The data below:

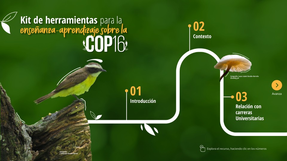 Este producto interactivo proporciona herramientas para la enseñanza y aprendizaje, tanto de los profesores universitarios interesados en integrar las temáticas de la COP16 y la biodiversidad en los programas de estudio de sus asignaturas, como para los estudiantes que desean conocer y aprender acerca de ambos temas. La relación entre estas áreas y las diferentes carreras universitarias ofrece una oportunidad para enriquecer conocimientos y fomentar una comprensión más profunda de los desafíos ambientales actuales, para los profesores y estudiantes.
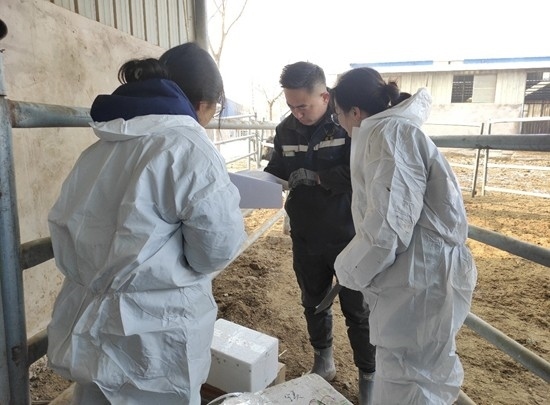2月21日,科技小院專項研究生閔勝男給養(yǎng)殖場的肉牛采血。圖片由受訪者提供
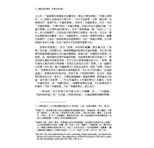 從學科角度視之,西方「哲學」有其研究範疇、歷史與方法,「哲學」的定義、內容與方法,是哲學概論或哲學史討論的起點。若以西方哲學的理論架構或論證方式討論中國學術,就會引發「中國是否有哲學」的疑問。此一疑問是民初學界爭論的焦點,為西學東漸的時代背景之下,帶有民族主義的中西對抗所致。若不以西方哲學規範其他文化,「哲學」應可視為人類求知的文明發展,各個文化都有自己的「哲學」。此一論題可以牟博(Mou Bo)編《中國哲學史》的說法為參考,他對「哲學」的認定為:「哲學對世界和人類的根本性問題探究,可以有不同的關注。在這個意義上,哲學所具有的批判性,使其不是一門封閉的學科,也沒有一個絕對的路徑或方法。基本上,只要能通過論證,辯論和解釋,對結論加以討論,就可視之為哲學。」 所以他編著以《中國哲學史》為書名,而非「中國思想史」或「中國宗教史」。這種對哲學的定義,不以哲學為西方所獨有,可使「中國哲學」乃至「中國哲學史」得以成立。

End of The data.
The data below:

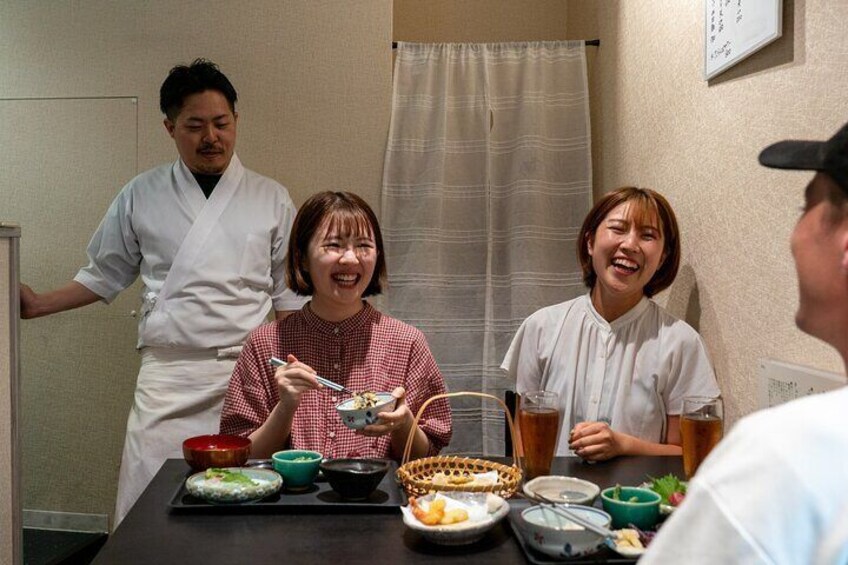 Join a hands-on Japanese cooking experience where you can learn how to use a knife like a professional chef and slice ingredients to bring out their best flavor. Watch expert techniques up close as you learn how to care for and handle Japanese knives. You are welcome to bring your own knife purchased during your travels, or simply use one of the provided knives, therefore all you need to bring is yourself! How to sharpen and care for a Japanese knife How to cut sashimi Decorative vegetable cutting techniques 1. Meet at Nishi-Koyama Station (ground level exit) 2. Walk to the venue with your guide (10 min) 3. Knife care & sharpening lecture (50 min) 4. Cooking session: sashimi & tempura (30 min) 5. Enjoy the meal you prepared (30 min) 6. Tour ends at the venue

End of The data.
The data below:

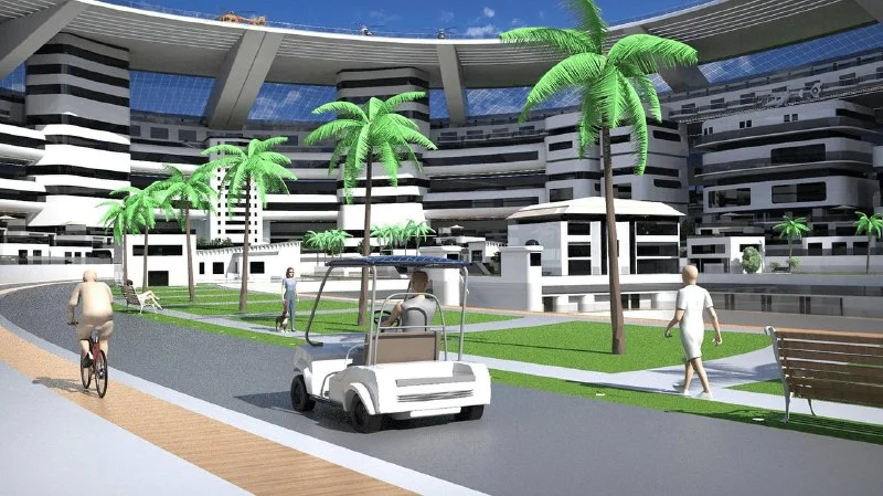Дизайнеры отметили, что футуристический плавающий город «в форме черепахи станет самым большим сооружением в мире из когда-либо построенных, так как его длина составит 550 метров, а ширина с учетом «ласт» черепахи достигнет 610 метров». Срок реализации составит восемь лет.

End of The data.

=== Exercise brief ===
Could you output exactly the lines above, from the line with "Este producto interactivo" up to and including the line with "2月21日,科技小院專項研究", and nothing else, skipping the pictures?

=== Answer space ===
 Este producto interactivo proporciona herramientas para la enseñanza y aprendizaje, tanto de los profesores universitarios interesados en integrar las temáticas de la COP16 y la biodiversidad en los programas de estudio de sus asignaturas, como para los estudiantes que desean conocer y aprender acerca de ambos temas. La relación entre estas áreas y las diferentes carreras universitarias ofrece una oportunidad para enriquecer conocimientos y fomentar una comprensión más profunda de los desafíos ambientales actuales, para los profesores y estudiantes.
2月21日,科技小院專項研究生閔勝男給養(yǎng)殖場的肉牛采血。圖片由受訪者提供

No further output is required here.